British government to proceed with tech crackdown despite US objections
The UK will push ahead with under-16 social media restrictions even as the US embassy warns of disproportionate impact on American companies.
The UK government has made clear it won’t be swayed by Washington’s displeasure over proposed social media restrictions targeting children under 16. Technology Secretary Liz Kendall confirmed on June 9 that Britain will move forward with the regulations, brushing aside concerns raised by the US embassy just days earlier.
What the UK is actually doing
The proposed rules would impose age or functionality restrictions on social media platforms for users under 16. A public consultation ran from March 2 to May 26, 2026, pulling in over 116,000 responses.
This isn’t the UK’s first swing at tech regulation. The Online Safety Act of 2023 already established a framework for holding platforms accountable for harmful content. The Children’s Wellbeing and Schools Act of 2026 built on that foundation.
The enforcement teeth are real. Under the Online Safety Act, platforms that fail to meet child safety duties face fines of up to 10% of global revenue or £18 million, whichever is higher.
Australia already moved in this direction, introducing similar under-16 rules on December 10, 2025. That rollout impacted roughly 4.7 million accounts by mid-December 2025.
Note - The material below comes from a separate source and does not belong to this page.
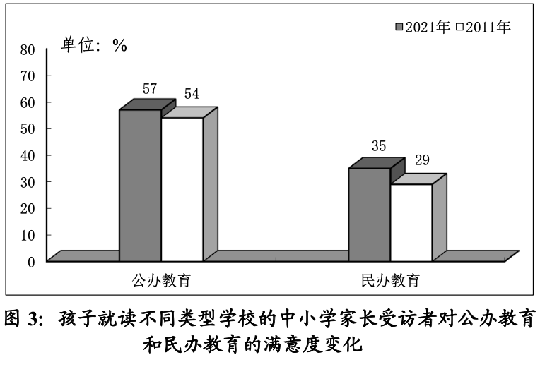 追蹤民調(diào)結(jié)果顯示,受訪者對本地教育服務(wù)總體狀況的評價多年來持續(xù)改善,滿意度從2011年到2021年上升了25個百分點到55%,不滿意度從22%降到9%。作為親歷者的家長受訪者對教育服務(wù)狀況的滿意度亦有明顯改善,10年來上升了20個百分點,為49%。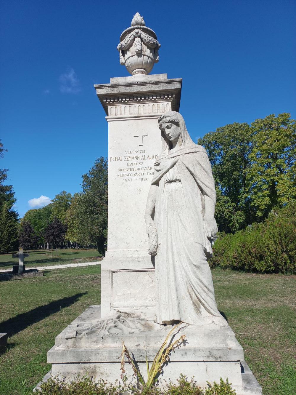 Hauszmann Alajos síremléke egyszerre jeleníti meg a 19. század klasszikus funerális művészet hagyományait és a 20. század első felének emlékállítási jellegzetességeit. Az oszlop és a női alak kompozíciója a 1800-as évek végének síremléktípusát idézi. A köztiszteletben álló ember elvesztésének fájdalmát egy lepelbe burkolt, lehajtott fejű gyászoló női alak testesíti meg, aki jobbjában a halhatatlanságot szimbolizáló babérkoszorút tartja. A női alak mögötti oszlopon egy, a földi lét elmúlását szimbolizáló urna áll a lélek örökkévalóságának lobogó lángjával. Az elhunyt szakmáját, építészi mivoltát a posztamensre elhelyezett munkaeszközei, a vonalzó és a körző jelenítik meg. A talapzatra elhelyezett olajág a végső béke és örök nyugalom meglelésének kifejezője. Az oszlop piedesztálján a Budavári Palota épületegyüttesének domborképe látható. Több e korszakban emelt sírjelen megfigyelhető, hogy az elhunyt legjelentősebbnek tartott alkotásai kerülnek rá a síremlék domborművére, kifejezve az elhunyt érdemeinek méltatását, emlékének tiszteletét. Ilyen dombormű ékesíti többek között Alpár Ignác, Zielinski Szilárd és Bláthy Ottó Titusz síremlékét is. Mint ismeretes, Ybl Miklós halála után Hauszmann Alajost bízták meg a Budavári Palota átépítésének tervezésével és a munkálatok lebonyolításával. Az épületegyüttes a több mint tíz esztendeig tartó építkezés után nyerte el a napjainkban is ismert arculatát. A Budavári Palota sok más jelentős épület sorában egyértelműen az építész főművének tekinthető.

The US pushback and why it didn’t work
The US embassy raised its objections on June 5, 2026, warning that the regulations would place a disproportionate burden on American companies. There were also questions about how age verification would actually work for users between 13 and 16, a cohort that currently accesses most platforms under existing terms of service.
Kendall’s response was effectively: we hear you, and we’re doing it anyway. Prime Minister Keir Starmer has positioned child safety measures as a core policy priority.
Why crypto and Web3 should be paying attention
Age verification at scale requires robust identity systems. That’s precisely the space where decentralized identity (DID) protocols and zero-knowledge proof solutions have been positioning themselves.
Decentralized social media platforms would face an uncomfortable question: do you comply with UK age restrictions, or do you become effectively illegal in the country? The UK has shown it’s willing to pursue aggressive remedies including ISP-level blocking.
Ten percent of global revenue is the kind of penalty designed to make even the largest companies take notice. If that enforcement model proves effective for child safety, expect regulators to extend the template to other areas: financial promotion rules, anti-money laundering obligations, consumer protection mandates.